> Required work
The output is the lines below from the one with "ಅವರು ಇಲ್ಲಿನ ಯಡ್ತರೆ" through the one with "⑥他发现,每只罐子的 焊接剂", both included, printed exactly and with no other line.

The input below:

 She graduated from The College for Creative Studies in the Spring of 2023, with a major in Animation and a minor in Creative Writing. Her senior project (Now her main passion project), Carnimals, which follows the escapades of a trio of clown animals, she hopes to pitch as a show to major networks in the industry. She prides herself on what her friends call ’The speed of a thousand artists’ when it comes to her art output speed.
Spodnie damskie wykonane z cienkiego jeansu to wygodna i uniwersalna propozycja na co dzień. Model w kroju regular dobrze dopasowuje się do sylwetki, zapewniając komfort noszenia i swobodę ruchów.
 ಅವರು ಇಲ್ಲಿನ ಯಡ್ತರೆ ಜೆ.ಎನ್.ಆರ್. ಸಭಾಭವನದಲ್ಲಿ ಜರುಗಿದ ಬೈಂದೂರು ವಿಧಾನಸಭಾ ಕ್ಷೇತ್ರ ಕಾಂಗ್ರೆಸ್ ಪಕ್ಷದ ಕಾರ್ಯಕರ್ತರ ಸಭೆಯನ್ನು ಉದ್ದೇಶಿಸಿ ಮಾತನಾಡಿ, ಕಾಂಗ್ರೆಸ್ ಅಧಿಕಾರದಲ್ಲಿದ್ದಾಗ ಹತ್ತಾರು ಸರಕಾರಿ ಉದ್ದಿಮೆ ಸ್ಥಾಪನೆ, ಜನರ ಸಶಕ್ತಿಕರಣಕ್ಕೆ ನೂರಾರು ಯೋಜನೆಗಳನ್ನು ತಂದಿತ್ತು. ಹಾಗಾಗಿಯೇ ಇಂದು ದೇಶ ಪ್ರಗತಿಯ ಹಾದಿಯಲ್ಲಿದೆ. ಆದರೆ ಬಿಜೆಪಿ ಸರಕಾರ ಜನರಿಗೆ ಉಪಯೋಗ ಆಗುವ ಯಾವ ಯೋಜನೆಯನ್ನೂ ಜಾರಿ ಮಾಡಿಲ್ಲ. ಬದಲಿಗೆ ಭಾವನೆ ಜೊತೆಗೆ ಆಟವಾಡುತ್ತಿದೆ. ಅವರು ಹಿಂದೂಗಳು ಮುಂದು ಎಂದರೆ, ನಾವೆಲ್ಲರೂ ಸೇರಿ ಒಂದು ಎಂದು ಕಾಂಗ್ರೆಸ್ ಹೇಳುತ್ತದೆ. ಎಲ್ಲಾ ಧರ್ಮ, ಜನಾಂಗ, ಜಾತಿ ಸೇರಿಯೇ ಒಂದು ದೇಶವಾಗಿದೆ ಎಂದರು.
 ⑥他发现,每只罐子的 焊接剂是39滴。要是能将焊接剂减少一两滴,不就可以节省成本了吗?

End of The input.
The input below:

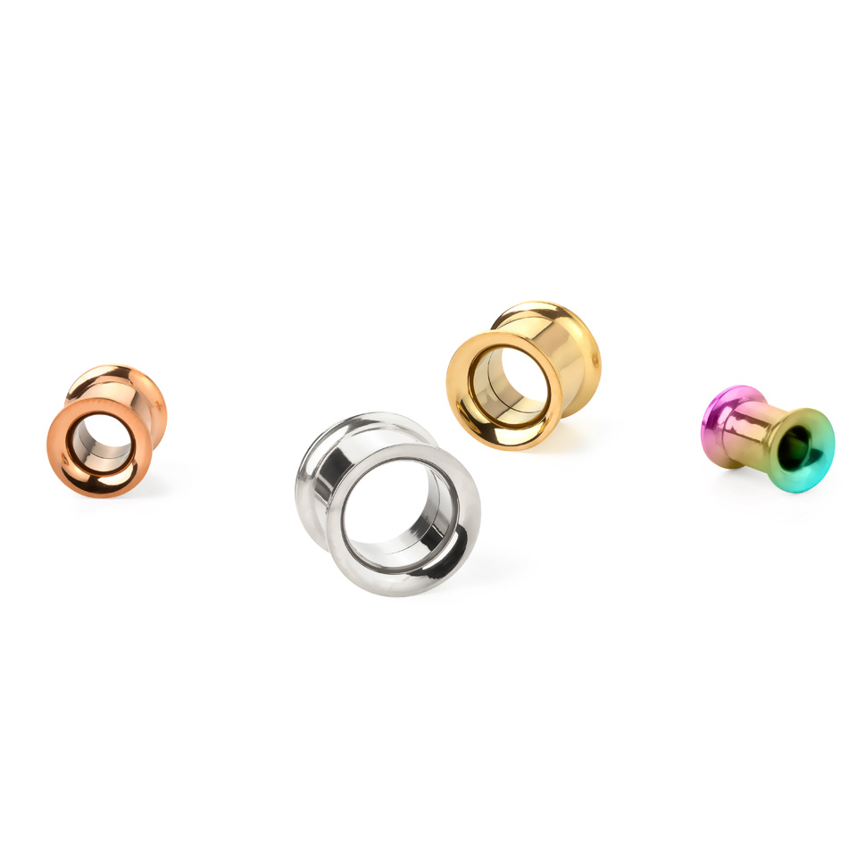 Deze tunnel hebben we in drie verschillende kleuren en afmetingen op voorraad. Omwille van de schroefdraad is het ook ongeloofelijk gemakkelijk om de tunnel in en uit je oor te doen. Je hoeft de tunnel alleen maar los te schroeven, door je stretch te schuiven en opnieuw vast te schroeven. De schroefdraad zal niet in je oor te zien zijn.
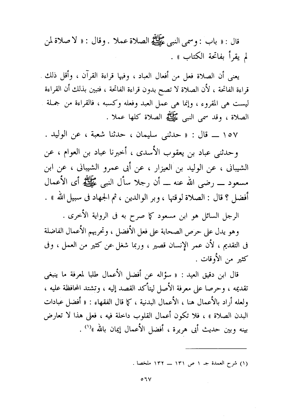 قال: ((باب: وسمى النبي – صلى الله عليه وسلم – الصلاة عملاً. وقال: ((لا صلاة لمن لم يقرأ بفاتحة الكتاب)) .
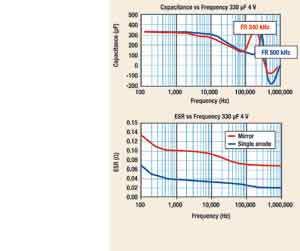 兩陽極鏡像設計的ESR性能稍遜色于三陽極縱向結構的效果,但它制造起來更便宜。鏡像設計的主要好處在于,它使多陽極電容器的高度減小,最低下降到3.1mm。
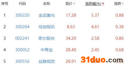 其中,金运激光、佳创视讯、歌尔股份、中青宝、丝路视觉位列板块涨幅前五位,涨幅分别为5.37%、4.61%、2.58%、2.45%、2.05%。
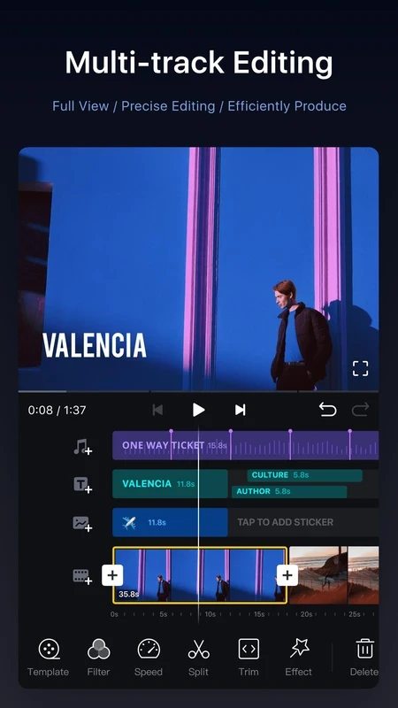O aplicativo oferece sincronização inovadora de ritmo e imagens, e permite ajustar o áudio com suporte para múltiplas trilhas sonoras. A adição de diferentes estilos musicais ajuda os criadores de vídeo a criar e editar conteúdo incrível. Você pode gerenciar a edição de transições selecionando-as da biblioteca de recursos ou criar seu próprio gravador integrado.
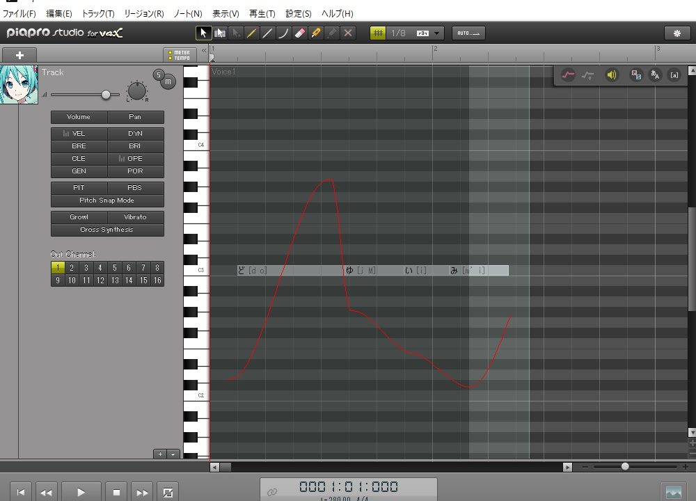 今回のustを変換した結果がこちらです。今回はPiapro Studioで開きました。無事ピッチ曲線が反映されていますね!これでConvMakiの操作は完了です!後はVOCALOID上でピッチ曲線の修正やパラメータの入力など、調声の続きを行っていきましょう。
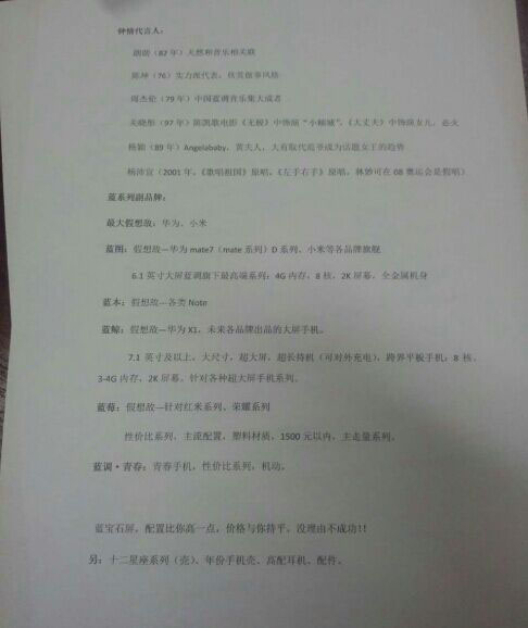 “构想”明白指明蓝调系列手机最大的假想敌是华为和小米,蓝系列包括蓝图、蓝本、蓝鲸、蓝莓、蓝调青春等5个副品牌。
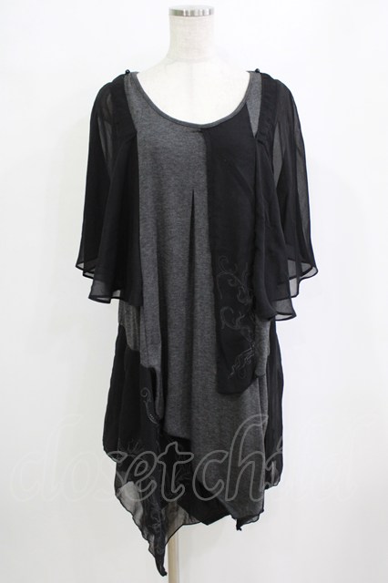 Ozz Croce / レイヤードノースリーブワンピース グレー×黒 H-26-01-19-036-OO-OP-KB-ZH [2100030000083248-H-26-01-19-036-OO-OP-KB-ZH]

End of The input.
The input below:

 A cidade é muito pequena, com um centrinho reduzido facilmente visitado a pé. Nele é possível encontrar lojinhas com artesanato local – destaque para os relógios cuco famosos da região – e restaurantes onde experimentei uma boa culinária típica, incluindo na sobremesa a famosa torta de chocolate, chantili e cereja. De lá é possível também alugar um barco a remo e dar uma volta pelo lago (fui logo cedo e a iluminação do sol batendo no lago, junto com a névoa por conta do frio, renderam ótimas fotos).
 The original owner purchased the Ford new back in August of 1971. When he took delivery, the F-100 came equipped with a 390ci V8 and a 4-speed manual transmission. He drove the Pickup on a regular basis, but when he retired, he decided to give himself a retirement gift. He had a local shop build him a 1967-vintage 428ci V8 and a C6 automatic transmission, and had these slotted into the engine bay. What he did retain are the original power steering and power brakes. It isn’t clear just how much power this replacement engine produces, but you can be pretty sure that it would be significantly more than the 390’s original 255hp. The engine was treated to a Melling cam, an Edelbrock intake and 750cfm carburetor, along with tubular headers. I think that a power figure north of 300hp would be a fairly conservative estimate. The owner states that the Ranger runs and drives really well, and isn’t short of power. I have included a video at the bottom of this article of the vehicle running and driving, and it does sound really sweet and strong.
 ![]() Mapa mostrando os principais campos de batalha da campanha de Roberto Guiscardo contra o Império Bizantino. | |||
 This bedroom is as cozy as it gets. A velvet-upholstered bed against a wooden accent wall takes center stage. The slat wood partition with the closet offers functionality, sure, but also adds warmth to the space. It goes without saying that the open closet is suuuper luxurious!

End of The input.

> Exercise response
 ಅವರು ಇಲ್ಲಿನ ಯಡ್ತರೆ ಜೆ.ಎನ್.ಆರ್. ಸಭಾಭವನದಲ್ಲಿ ಜರುಗಿದ ಬೈಂದೂರು ವಿಧಾನಸಭಾ ಕ್ಷೇತ್ರ ಕಾಂಗ್ರೆಸ್ ಪಕ್ಷದ ಕಾರ್ಯಕರ್ತರ ಸಭೆಯನ್ನು ಉದ್ದೇಶಿಸಿ ಮಾತನಾಡಿ, ಕಾಂಗ್ರೆಸ್ ಅಧಿಕಾರದಲ್ಲಿದ್ದಾಗ ಹತ್ತಾರು ಸರಕಾರಿ ಉದ್ದಿಮೆ ಸ್ಥಾಪನೆ, ಜನರ ಸಶಕ್ತಿಕರಣಕ್ಕೆ ನೂರಾರು ಯೋಜನೆಗಳನ್ನು ತಂದಿತ್ತು. ಹಾಗಾಗಿಯೇ ಇಂದು ದೇಶ ಪ್ರಗತಿಯ ಹಾದಿಯಲ್ಲಿದೆ. ಆದರೆ ಬಿಜೆಪಿ ಸರಕಾರ ಜನರಿಗೆ ಉಪಯೋಗ ಆಗುವ ಯಾವ ಯೋಜನೆಯನ್ನೂ ಜಾರಿ ಮಾಡಿಲ್ಲ. ಬದಲಿಗೆ ಭಾವನೆ ಜೊತೆಗೆ ಆಟವಾಡುತ್ತಿದೆ. ಅವರು ಹಿಂದೂಗಳು ಮುಂದು ಎಂದರೆ, ನಾವೆಲ್ಲರೂ ಸೇರಿ ಒಂದು ಎಂದು ಕಾಂಗ್ರೆಸ್ ಹೇಳುತ್ತದೆ. ಎಲ್ಲಾ ಧರ್ಮ, ಜನಾಂಗ, ಜಾತಿ ಸೇರಿಯೇ ಒಂದು ದೇಶವಾಗಿದೆ ಎಂದರು.
 ⑥他发现,每只罐子的 焊接剂是39滴。要是能将焊接剂减少一两滴,不就可以节省成本了吗?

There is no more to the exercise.